Mollie was sitting in one of the coveted downstairs booths, eating a curled-edge ham sandwich. She waved at me. “Have you heard?” she asked.

“Heard what?” I asked. “Can we sit with you?”

“I was lunching with Pat, but he’s gone, as you can see, and I was just about to go, but I’ll have more coffee as you’re here.”

The waitress came over. She was not, like half the staff at Mimi’s, a would-be actress, but a local woman. “What do you want, love?” she asked.

“Three coffees, and one pancake stack,” I said.

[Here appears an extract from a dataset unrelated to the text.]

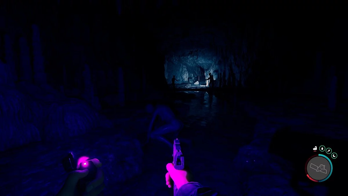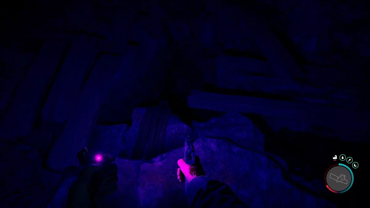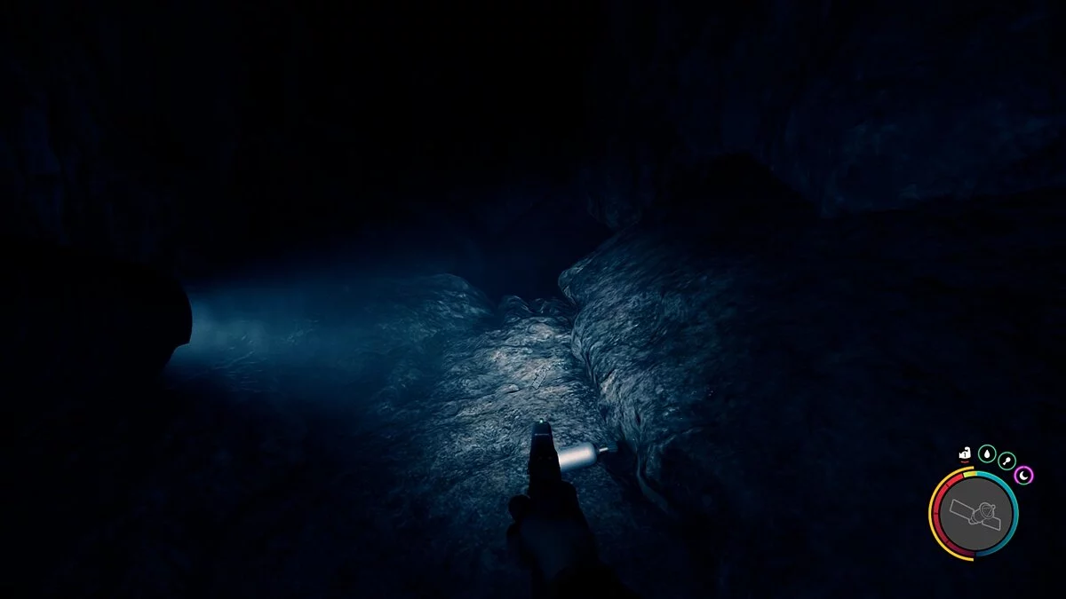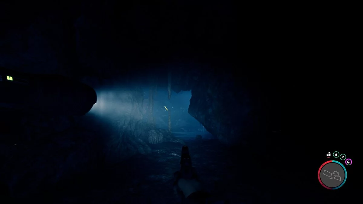 Начать поиск осколков лучше всего с пещеры, в которой вы можете отыскать акваланг (rebreather) и электрошокер. Несмотря на то что буквально в каждой пещере, которую вам предстоит исследовать, есть враги, их совершенно необязательно убивать. Чаще всего они находятся в просторных штольнях, поэтому можете просто не подставляться и пробегать мимо. Однако предварительно мы всё равно рекомендуем посетить два из трёх мест маячков, отмеченных фиолетовыми маркерами на карте. В одном вы найдёте пистолет, а во втором фонарь.

I slid onto the bench beside Mollie, and Charlie folded himself onto the bench opposite.

“Lauria Gilmore is dead. She’s got herself blown up,” Mollie said.

“I was going to tell you that, but you distracted me with your Hamlet news,” Charlie complained.

“Blown up?” I asked. The waitress brought the coffee and set it down on the table, slopping mine into the saucer. “How? Anarchists, like those people who blew up that castle in Wales?”

“Well, it might have been anarchists, but why would they want to?” Charlie asked.

“I suppose they simply go around blowing people up, just for fun,” I said.

“She might have Known Something,” Mollie said, darkly significant.

“Or she might have been In Their Way,” Charlie said in a dreadfully fake Russian accent.

“I don’t know, she was always rather left than otherwise,” Mollie said in an ordinary voice. “Frightfully keen on women’s rights and unions and voting and all that.”

“Nonsense,” I said. “She was an actress. Actors aren’t political. It seems much more likely to me that she was just in the wrong place at the wrong time. Poor Lauria. Now she’ll never play my mother.”